ASSIGNMENT >> Within the entries below, please retype exactly the lines starting with the line that has "Content: Expert: SafeDroid.ex4" and going on through the line that has "Even before the", but not the pictures.

SUPPLIED DATA >>
────────────────
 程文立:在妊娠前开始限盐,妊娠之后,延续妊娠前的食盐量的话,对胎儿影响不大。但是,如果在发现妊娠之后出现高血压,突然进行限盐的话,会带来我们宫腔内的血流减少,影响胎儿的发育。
────────────────
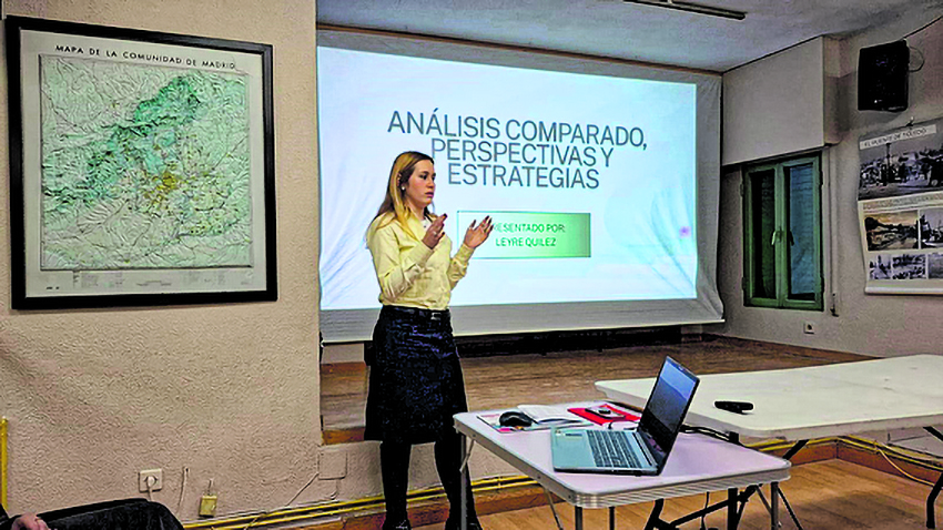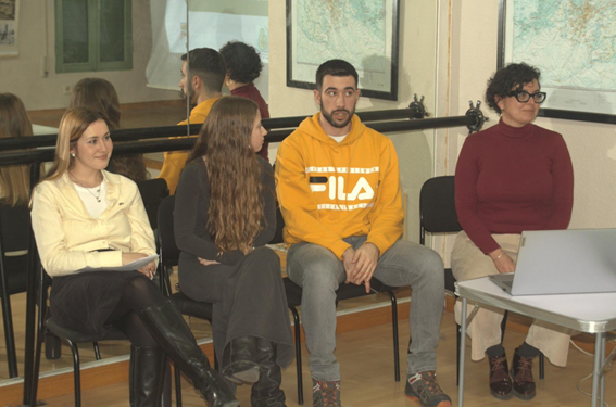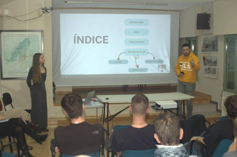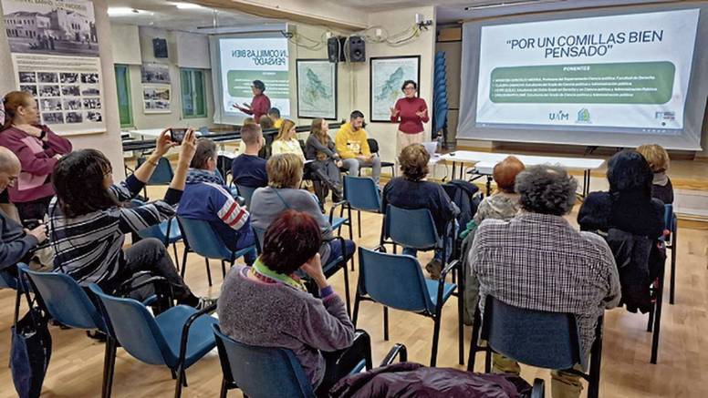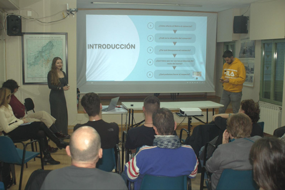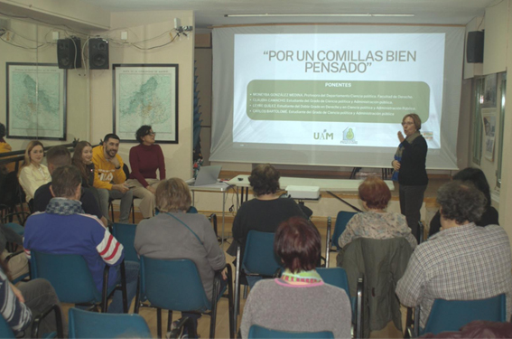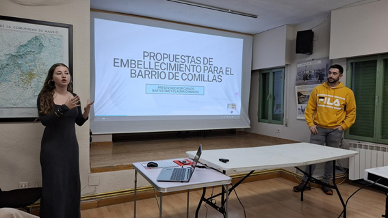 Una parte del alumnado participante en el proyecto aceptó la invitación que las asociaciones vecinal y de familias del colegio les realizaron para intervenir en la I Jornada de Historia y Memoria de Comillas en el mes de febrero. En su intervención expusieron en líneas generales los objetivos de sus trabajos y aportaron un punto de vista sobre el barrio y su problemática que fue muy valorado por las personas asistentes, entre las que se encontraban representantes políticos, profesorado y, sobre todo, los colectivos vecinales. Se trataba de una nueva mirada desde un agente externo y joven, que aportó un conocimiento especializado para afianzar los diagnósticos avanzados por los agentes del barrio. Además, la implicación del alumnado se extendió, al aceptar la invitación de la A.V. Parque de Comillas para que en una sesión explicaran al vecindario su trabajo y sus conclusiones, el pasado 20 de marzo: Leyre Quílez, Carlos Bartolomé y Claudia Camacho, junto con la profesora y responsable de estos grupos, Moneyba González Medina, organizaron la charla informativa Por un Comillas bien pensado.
────────────────
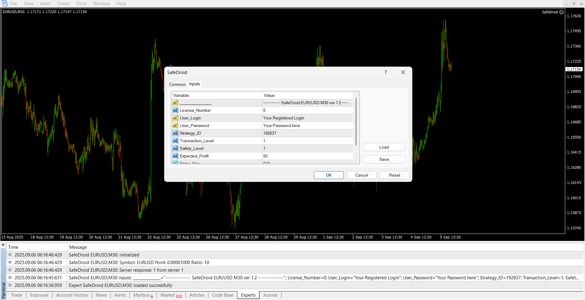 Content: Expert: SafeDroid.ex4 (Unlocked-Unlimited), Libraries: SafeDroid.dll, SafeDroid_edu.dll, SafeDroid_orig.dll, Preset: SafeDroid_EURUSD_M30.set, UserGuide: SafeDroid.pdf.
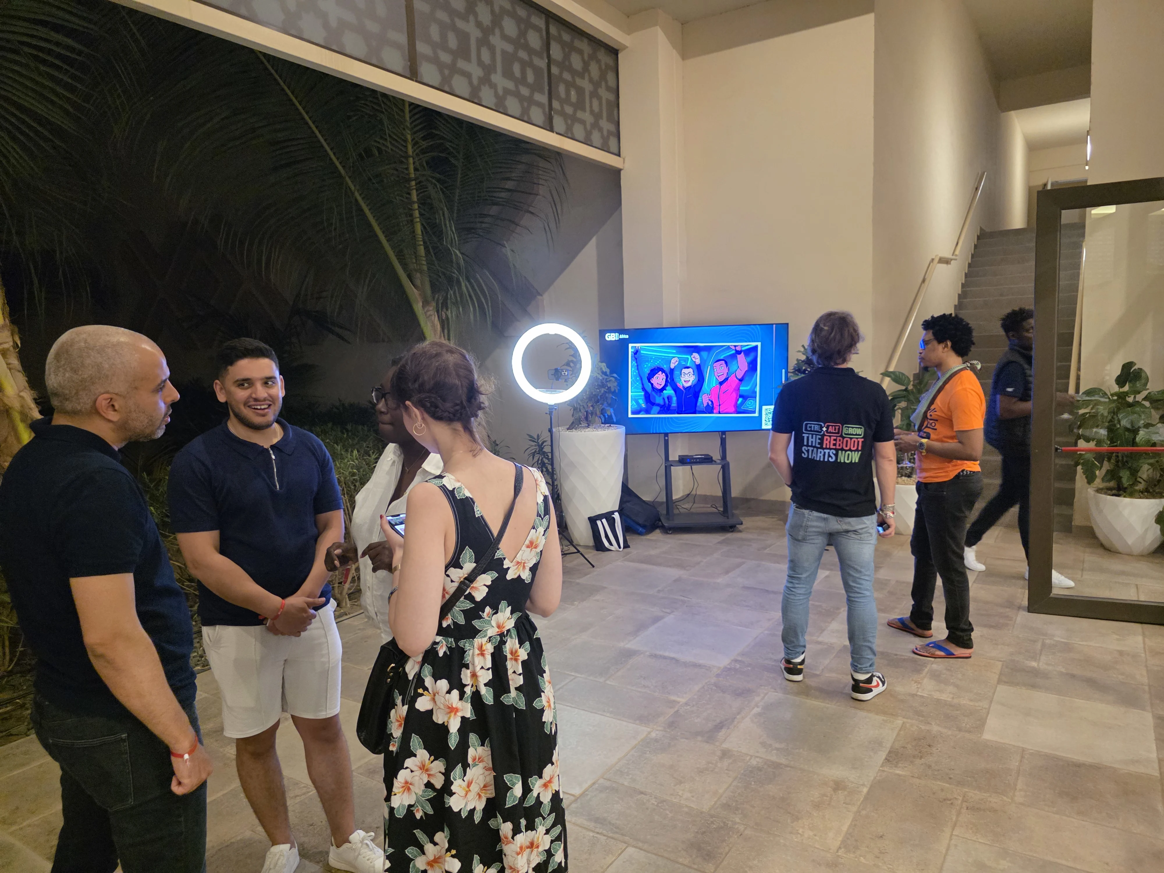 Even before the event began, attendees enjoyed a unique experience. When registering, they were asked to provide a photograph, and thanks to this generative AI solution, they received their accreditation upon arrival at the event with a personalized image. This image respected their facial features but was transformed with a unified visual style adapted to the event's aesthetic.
────────────────
RESULT OF THE TASK >>
 Content: Expert: SafeDroid.ex4 (Unlocked-Unlimited), Libraries: SafeDroid.dll, SafeDroid_edu.dll, SafeDroid_orig.dll, Preset: SafeDroid_EURUSD_M30.set, UserGuide: SafeDroid.pdf.
 Even before the event began, attendees enjoyed a unique experience. When registering, they were asked to provide a photograph, and thanks to this generative AI solution, they received their accreditation upon arrival at the event with a personalized image. This image respected their facial features but was transformed with a unified visual style adapted to the event's aesthetic.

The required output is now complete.